Московский стиль Михаила Филиппова

культурная политика

ГРИГОРИЙ Ъ-РЕВЗИН

       В Государственной Третьяковской галерее на Крымском валу открылась выставка Михаила Филиппова "Набережная". Архитектор Филиппов предлагает реконструировать здание Третьяковки и перестроить всю Крымскую набережную. Надеяться ему не на что, считает обозреватель Ъ.
       Выставка занимает два зала в экспозиции новой Третьяковки уже на выходе из ХХ века, перед "Звездой Полынью" художника Максима Кантора и фотоотчетами концептуалистов из группы "Коллективные действия". В этом контексте она смотрится ненормально музейно — на белых стенах в одну линию виртуозные рисунки, будто сделанные на век раньше. Половина — карандашные, половина — акварели. Примерно пополам делится экспозиция и по жанру: половина — проекты, половина — графика с натуры, Венеция и Петербург. Проектов три, все они посвящены набережным. "Третий Рим", созданный еще в 1989 году — тогда Михаил Филиппов предлагал выстроить нечто вроде идеального ренессансного храма на руинах непостроенного Дворца Советов, где в ту пору плескался бассейн "Москва". Второй — "Остров", проект, выставлявшийся на конкурс Москомархитектуры в 1998 году. Он предлагал прорыть территорию Острова каналами и построить там московскую Венецию. Наконец, третий — "Крымская набережная", проект, созданный только что. Вместе они образуют грандиозный утопический ансамбль центра города. Филиппов все время бьет в одну точку: пытается привить Москве набережную.
       В смысле реальности эти проекты примерно одинаково бесперспективны: Москва даже не сопротивляется, а просто не замечает этих усилий. В смысле художественном — очень серьезная работа. Когда смотришь на эти виртуальные набережные, то сначала кажется — Петербург, но чем внимательнее их изучаешь, тем меньше похоже. Они слишком затейливы для Питера. Скажем, та же Крымская набережная в трех местах разрывается какими-то фантастическими перспективами, центральный разрыв цитирует знаменитую филипповскую композицию "Лестница в небо", в свое время украшавшую зал русского павильона на Венецианской биеннале (эта лестница — новый вход в Третьяковку). Такого петербургские набережные себе не позволяют. Кроме того, вместо гранита тут какие-то террасы, пристани, совершенно венецианские барки и столбы. Но на Венецию это тоже не похоже. Камерной Венеции неведом этот масштаб.

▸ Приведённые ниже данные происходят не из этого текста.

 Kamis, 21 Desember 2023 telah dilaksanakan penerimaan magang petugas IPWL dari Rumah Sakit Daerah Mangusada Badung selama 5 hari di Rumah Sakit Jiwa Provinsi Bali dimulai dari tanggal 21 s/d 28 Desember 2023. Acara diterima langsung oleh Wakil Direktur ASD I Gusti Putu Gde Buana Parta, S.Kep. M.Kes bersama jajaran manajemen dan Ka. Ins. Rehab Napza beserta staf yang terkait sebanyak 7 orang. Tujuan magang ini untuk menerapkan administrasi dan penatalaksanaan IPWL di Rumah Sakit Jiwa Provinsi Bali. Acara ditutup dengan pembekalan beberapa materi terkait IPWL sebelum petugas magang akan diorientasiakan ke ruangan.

       Он сочиняет что-то новое, и что — становится понятно из его рисунков. Петербург — город, в котором совершенная форма съедает цвет: через три дня пребывания здесь зрение превращается в черно-белое. Его Филиппов рисует акварелью. Венеция — город, ошарашивающий кавказской любовью к пестренькому. Он у Филиппова в виде бесцветной карандашной графики. Петербург — город колоссального масштаба. Филиппов ищет в нем дворы, закоулки, переулки — места камерные и частные. Венеция — город тесноты: там общественные "кампо" размером не превышают переднюю квартиры. В ней Филиппов находит перспективы бесконечных проспектов, улетающих во "всемирные моря".
       Он деконструирует Петербург Венецией, а Венецию Петербургом. Миф Венеции в русской культуре почти совпадает с петербургским — те же мотивы: смерть, наводнение, мираж, несчастная любовь. Но есть один мотив, их разделяющий. Петербург — место власти, Венеция — частное, и именно потому любимый город петербургских эмигрантов, которые находят в нем счастье родного города, освобожденного от родного государства. Филиппов переворачивает их местами, вдруг заставляя Венецию сиять государственным пафосом, а Петербург превращая в город частного человека.

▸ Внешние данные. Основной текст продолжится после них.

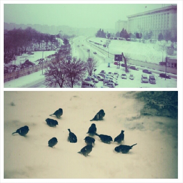 Si pentru ca imi place iarna, in ciuda vremii, am ales sa ma uit in jur. Liniste, pustiu pe strazi, totul acoperit de alb, masinile inghetate, in parc 2 copilasi se jucau, cainii se alergau prin zapada si pasarile luau masa.
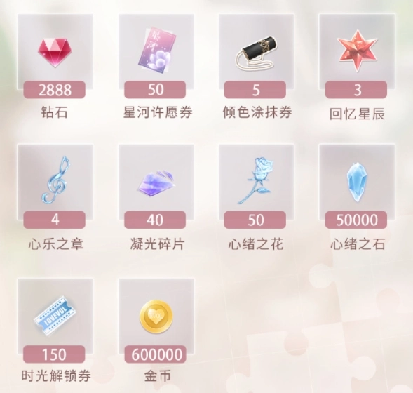 每天登录都能收到一封他发来的【心动邮件】,完成并分享充满回忆的拼图,就可以免费领取包含【星河许愿券*50、钻石*2888、倾色涂抹券*5】、总价值超过50888钻的丰厚奖励!
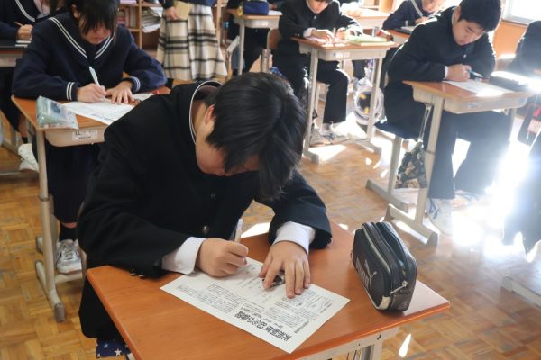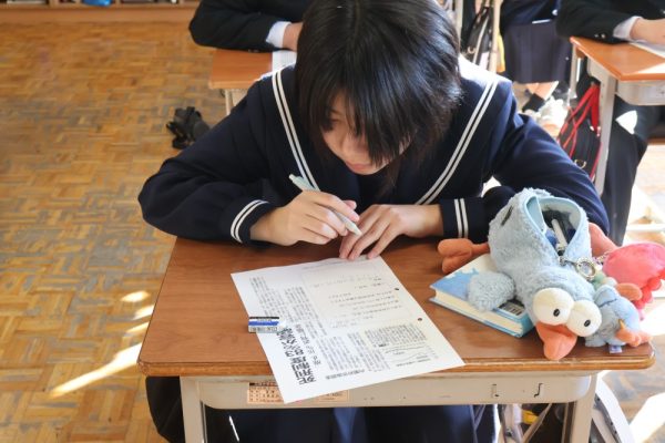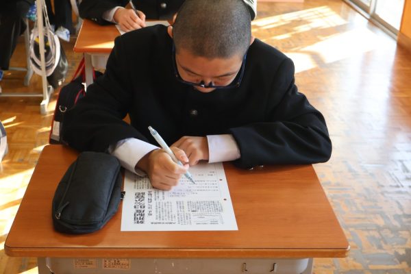 今年度2回目のさんスタ交流会に向けて、本日のさんスタの時間帯に全校で共通の記事を読み、自分の意見をまとめました。今回の記事のテーマは「日本の死刑制度」についてです。2024年内閣府の行った世論調査では「死刑もやむを得ない」という容認派が約83%にのぼったそうです。一方で、先日、学校便りで紹介した本町出身のドキュメンタリー監督・笠井千晶さんが手がけた「袴田事件」のようなこともあり、その是非を考えることは大変難しいことのように思われます。生徒のみなさんには短絡的に賛成・反対するのではなく、いろんな想像力を働かせて考えてほしいと願います。

       Два города смешиваются у него, превращаясь в какой-то один, и этот один он и выносит в свои проекты. Что, в общем-то, очень логично, ибо Москва — это как раз смешение частной безалаберности ничем не приструненной застройки с государственным пафосом столицы великой империи. Это какая-то лаборатория по выработке стиля московских набережных, и надо сказать, Третьяковка идеально подходит для такого лабораторного показа. Это удивительное место. Это колоссальные и совершенно пустые пространства. Ощущение, что это научный институт, вымерший в связи с окончанием научной деятельности в СССР. Осталась одна лаборатория, там архитектор Филиппов изобретает свой московский стиль.
       В принципе его можно понять. Для архитектора состояние этих набережных, которые подходят к Кремлю то барахолкой ЦДХ, то кирпичными сараями "Красного октября", то бетонным забором, выстроенным к приезду президента Никсона напротив ЦДХ и как-то там прижившимся, должно быть профессиональным оскорблением. Равно как и состояние крупнейшего национального музея, где как будто нейтронная бомба рванула — такая пустота. И вообще-то, это нормальная реакция: пытаться придумать архитектурные ходы для исправления ситуации. И тем не менее это ошарашивает. Десять лет успешный архитектор, у которого вроде бы есть чем заняться, упорно разрабатывает стиль для московских набережных. На мой взгляд, достигает выдающихся успехов — собственно, придумывает совершенно новый образ классической набережной, хотя, казалось бы, в этом жанре все сказано и сделано. Но речь не об этом — за десять лет уже ведь можно было понять, что результат нулевой. Чего ради?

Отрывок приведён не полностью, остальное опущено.